What you need to do: Exactly as they appear below, repeat the lines from the one with "#ヤマサミさんお誕生日だよ2022 3 オリキャラ/カッパ( @_1913443121" through the one with "Theo ghi nhận". Drop every picture.

Source data:
........

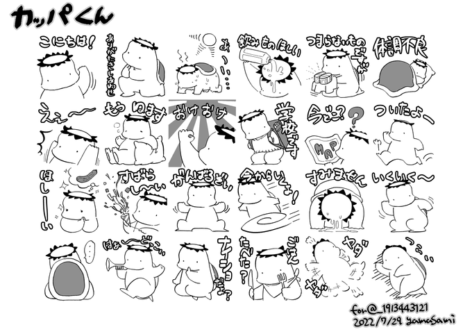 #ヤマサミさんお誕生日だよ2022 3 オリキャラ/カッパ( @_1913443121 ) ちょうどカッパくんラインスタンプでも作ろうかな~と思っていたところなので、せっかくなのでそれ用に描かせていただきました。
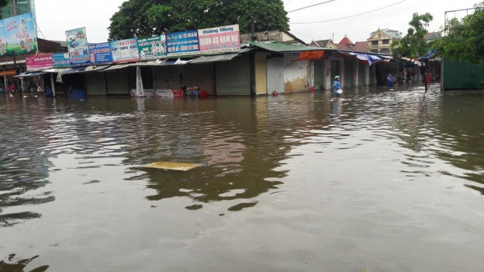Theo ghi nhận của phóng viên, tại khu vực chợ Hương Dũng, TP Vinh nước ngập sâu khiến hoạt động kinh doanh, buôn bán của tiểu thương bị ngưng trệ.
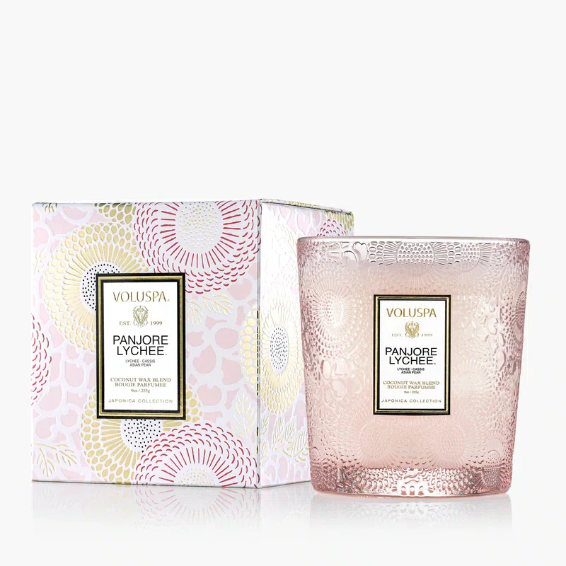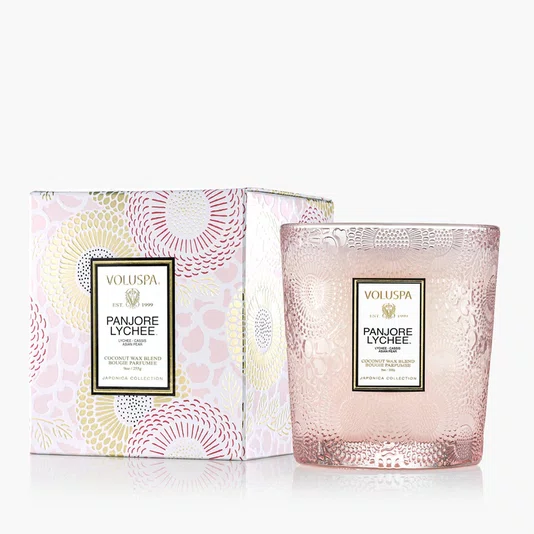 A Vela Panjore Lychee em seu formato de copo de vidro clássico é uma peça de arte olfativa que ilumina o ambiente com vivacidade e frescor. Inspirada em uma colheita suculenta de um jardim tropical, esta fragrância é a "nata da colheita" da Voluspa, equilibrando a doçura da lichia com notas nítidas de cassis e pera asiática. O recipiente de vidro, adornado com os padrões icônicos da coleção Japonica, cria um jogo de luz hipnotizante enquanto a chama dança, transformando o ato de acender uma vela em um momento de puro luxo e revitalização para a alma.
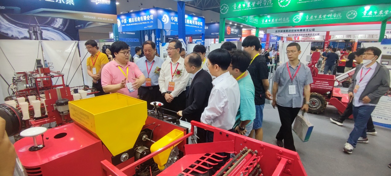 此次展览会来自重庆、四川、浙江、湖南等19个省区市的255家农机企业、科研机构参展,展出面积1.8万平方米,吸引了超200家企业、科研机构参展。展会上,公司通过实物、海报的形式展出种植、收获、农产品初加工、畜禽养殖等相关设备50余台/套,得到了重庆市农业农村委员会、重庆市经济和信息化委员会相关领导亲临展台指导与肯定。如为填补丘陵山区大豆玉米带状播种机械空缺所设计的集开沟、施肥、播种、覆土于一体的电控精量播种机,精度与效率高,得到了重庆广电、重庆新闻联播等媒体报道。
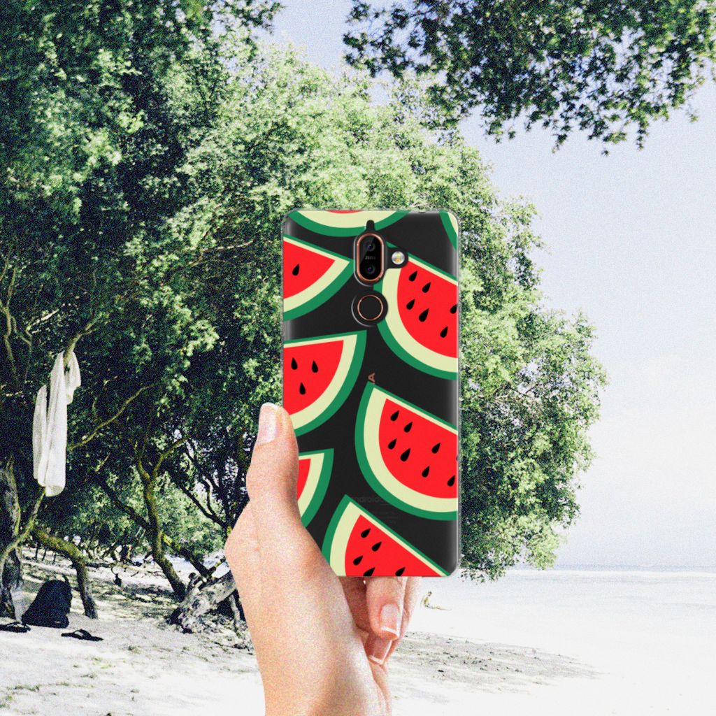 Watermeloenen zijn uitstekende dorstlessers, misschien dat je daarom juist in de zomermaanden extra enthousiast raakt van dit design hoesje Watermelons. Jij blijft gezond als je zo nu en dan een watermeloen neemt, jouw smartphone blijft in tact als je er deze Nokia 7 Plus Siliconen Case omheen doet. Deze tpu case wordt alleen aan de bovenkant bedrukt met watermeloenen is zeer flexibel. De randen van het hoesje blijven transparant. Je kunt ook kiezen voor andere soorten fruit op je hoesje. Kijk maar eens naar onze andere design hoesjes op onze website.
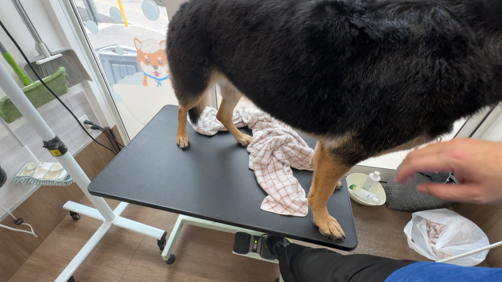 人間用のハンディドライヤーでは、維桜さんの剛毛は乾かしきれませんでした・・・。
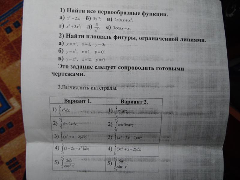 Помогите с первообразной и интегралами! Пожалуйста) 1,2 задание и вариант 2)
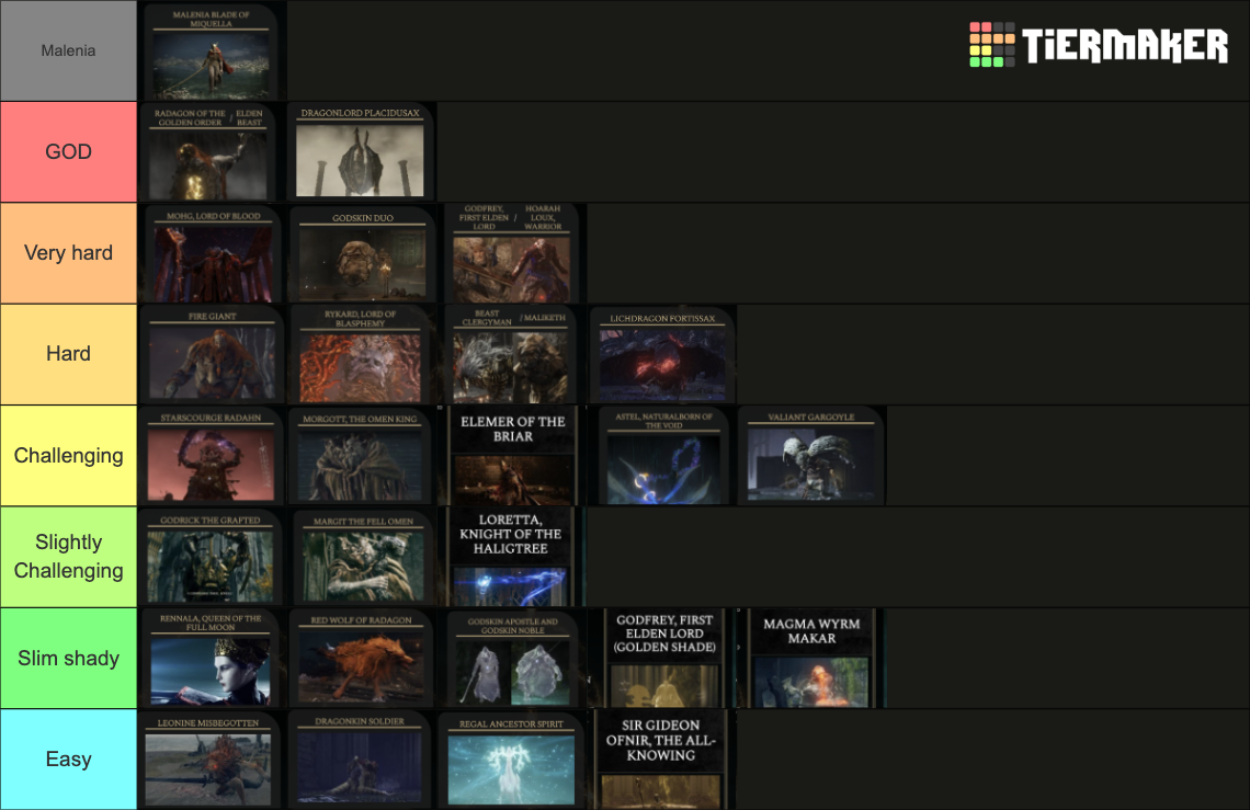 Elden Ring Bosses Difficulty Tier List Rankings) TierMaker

........

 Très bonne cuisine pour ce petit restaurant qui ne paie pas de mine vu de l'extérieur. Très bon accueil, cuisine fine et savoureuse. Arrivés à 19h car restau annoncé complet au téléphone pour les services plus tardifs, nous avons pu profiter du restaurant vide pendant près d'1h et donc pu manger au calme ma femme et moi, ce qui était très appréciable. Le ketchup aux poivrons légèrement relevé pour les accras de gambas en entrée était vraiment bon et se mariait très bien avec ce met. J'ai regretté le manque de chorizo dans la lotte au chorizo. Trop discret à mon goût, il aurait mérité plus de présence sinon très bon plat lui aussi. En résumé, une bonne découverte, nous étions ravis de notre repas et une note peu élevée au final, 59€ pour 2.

........

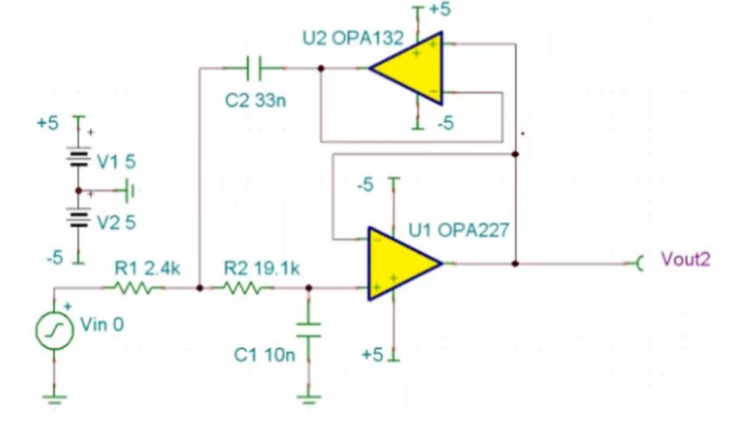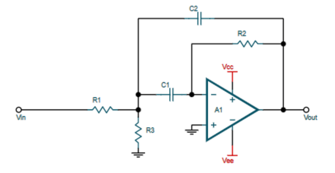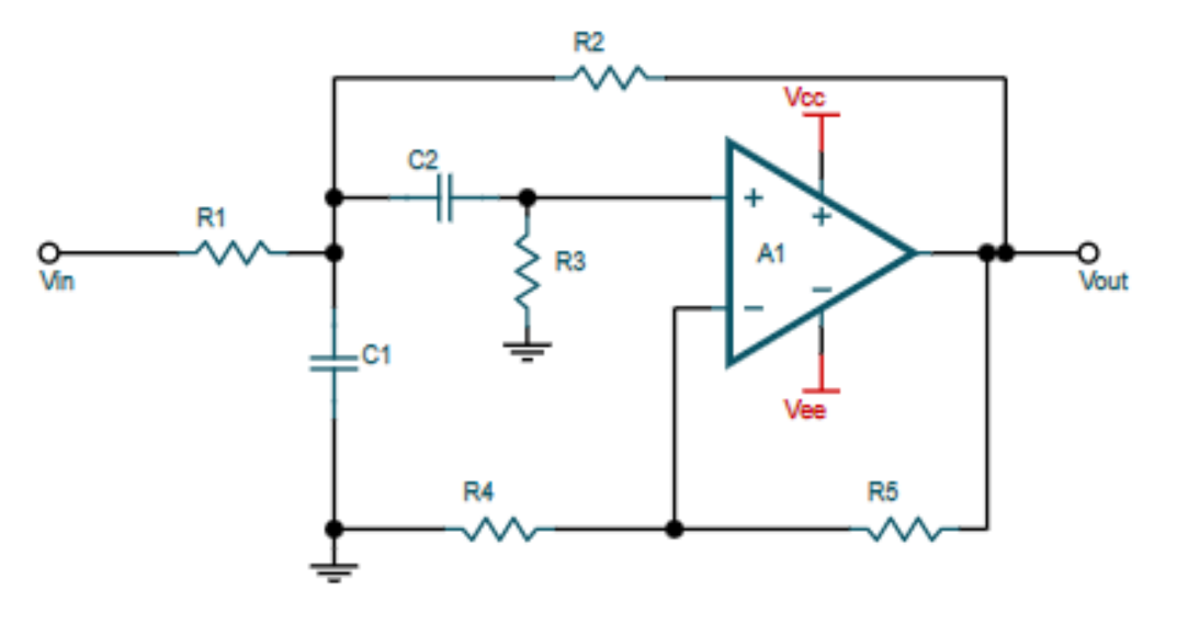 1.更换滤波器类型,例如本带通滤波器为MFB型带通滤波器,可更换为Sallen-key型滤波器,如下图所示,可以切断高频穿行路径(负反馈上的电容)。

........

Exercise output:
 #ヤマサミさんお誕生日だよ2022 3 オリキャラ/カッパ( @_1913443121 ) ちょうどカッパくんラインスタンプでも作ろうかな~と思っていたところなので、せっかくなのでそれ用に描かせていただきました。
Theo ghi nhận của phóng viên, tại khu vực chợ Hương Dũng, TP Vinh nước ngập sâu khiến hoạt động kinh doanh, buôn bán của tiểu thương bị ngưng trệ.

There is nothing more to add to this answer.